Functional reorganization (cortical plasticity) might occur in the brain through the remodelling of neuronal connections. The phantom limb sensation might occur because a body part is touched that has appropriated the missing limb’s old area in the cortex.

Long term plasticity may result from the growth of new synapses and/or axons. Immediate effects are likely to be due to a sudden reduction in inhibition that normally suppresses inputs from neighbouring regions.

Exteroceptive perception is perceiving information at a distance. The image we perceive is inverted and focused to project on the retina. It is composed of photoreceptors, which includes rods and cones. Rods and cones do not fire action potentials but trigger action potentials in downstream neurons. Rods are useful for little light and cones are useful with a lot of light. There are three types of cones, defined by their sensitivity to different regions of the visible spectrum. A cone that responds to short-wavelength (1) (blue part of the vision), cones that respond to medium wavelength (2) (green part of the spectrum) and cones that respond to long-wavelength (3) (red part of the spectrum). The fovea is the centre of the retina. Cones are densely packed here and the rods are more at the outer layer of the retina.

The optic nerve is a bundle of axons of ganglion cells that transmits information to the central nervous system. Rods transmit information to ganglion cells. Multiple rods transmit information to a single ganglion cell. By summing the output, rods can activate a ganglion cell even in low light situations. Each ganglion cell is activated by only a few cones. The crossover place of the optic nerve is called the optic chiasm.

There are different cortical visual areas, areas responsible for a distinct region of visual processing. One hypothesis for the multiple brain areas dedicated to vision is that it is hierarchical. Another hypothesis is that visual perception is an analytical process. This means that each area provides information about different attributes. Processing is distributed and specialized.

Conscious perception is linked to higher-area activity. Our primary sensory regions provide a representation that is closely linked to the physical stimulus and our perceptual experience is more dependent on activity in secondary and association sensory regions. Anatomical differences among people in the size of V1 affect the extent of visual illusion.

Dichromats are people who can only see two photopigments (two colour spectrums). Anomalous trichromats have all three photopigments but one has abnormal sensitivity. Achromatopsia are disorders of colour perception that arise from disturbances of the central nervous system. People with achromatopsia see colours as grey or black.

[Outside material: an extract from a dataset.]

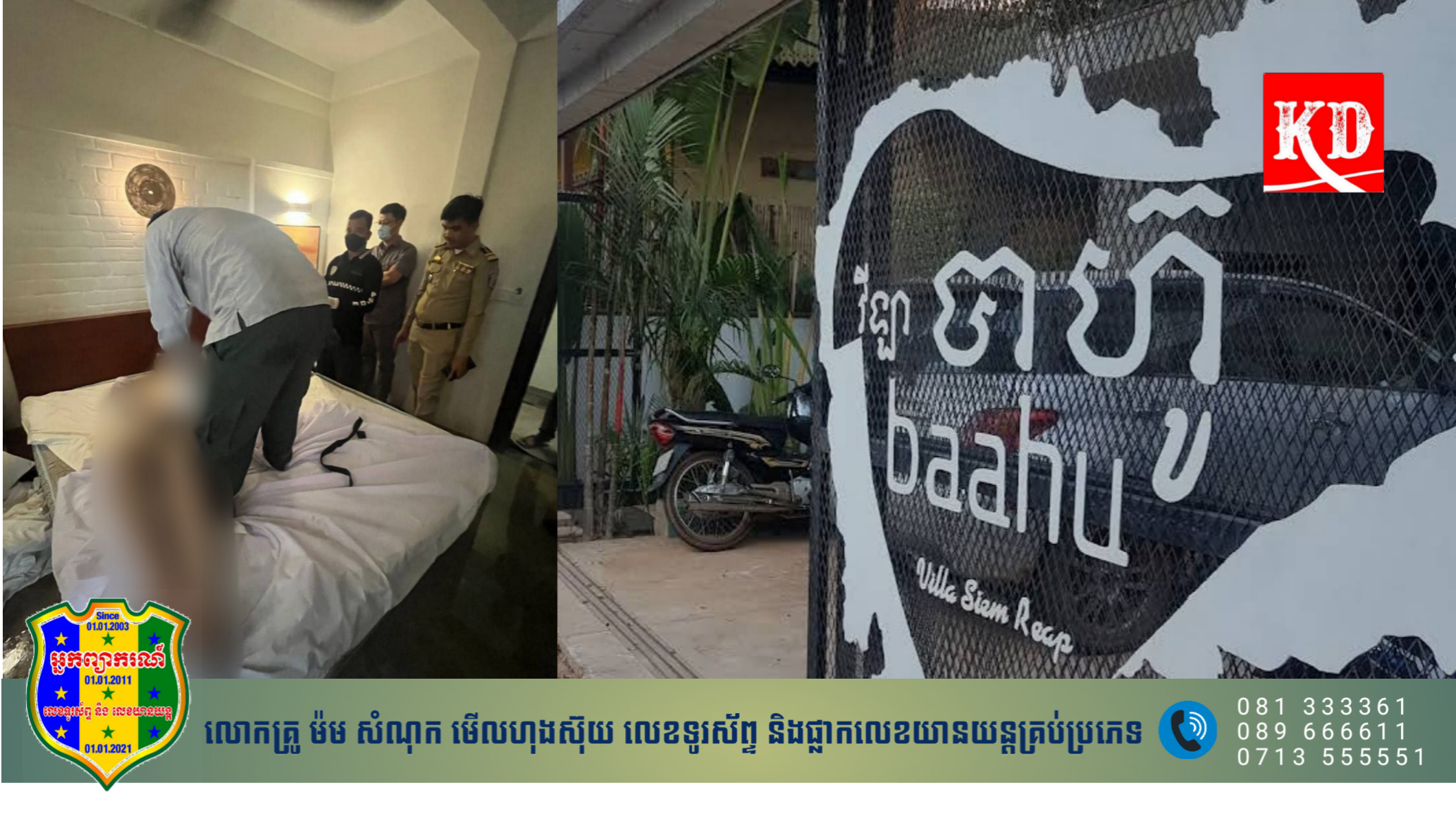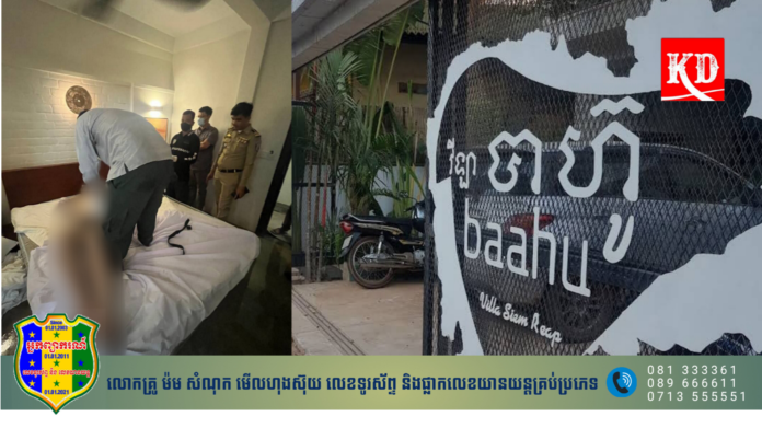 សមត្ថកិច្ចបានឲ្យដឹងថា ជំនាញទទួលព័ត៌មាន ថា មានជនបរទេសម្នាក់ ត្រូវបានប្រទ:ឃើញស្លាប់នៅក្នុងបន្ទប់ទឹក នៃ វីឡា បាហ៊ូ ( Baahu Villa SiemReap ) ដែលស្ថិតនៅតាមបណ្ដោយផ្លូវ ២៨ មិថុនា ក្នុងក្រុមទី១០ ភូមិវិហារចិន សង្កាត់ស្វាយដង្គំ ក្រុងសៀមរាប ខេត្តសៀមរាប កាលពីវេលាម៉ោង ១០ និង ០០ នាទី ថ្ងៃទី ១៧ ខែ មិនា ឆ្នាំ ២០២៣។

Akinetopsia is a selective loss of motion perception. Severe forms of akinetopsia result from bilateral lesions. With unilateral lesions, motion perception deficits are more subtle. Perception moves from primary to secondary areas, but also the other way around.

Hemianopia refers to incomplete blindness because a lesion is restricted to half of the visual field. If that happens, then also one half of the visual field is lost. Scotomas are small discrete regions of blindness produced by lesions. It is possible that there are two systems: one dedicated to spatial orientation and one dedicated to object identification. The superior colliculus is important for spatial orientation.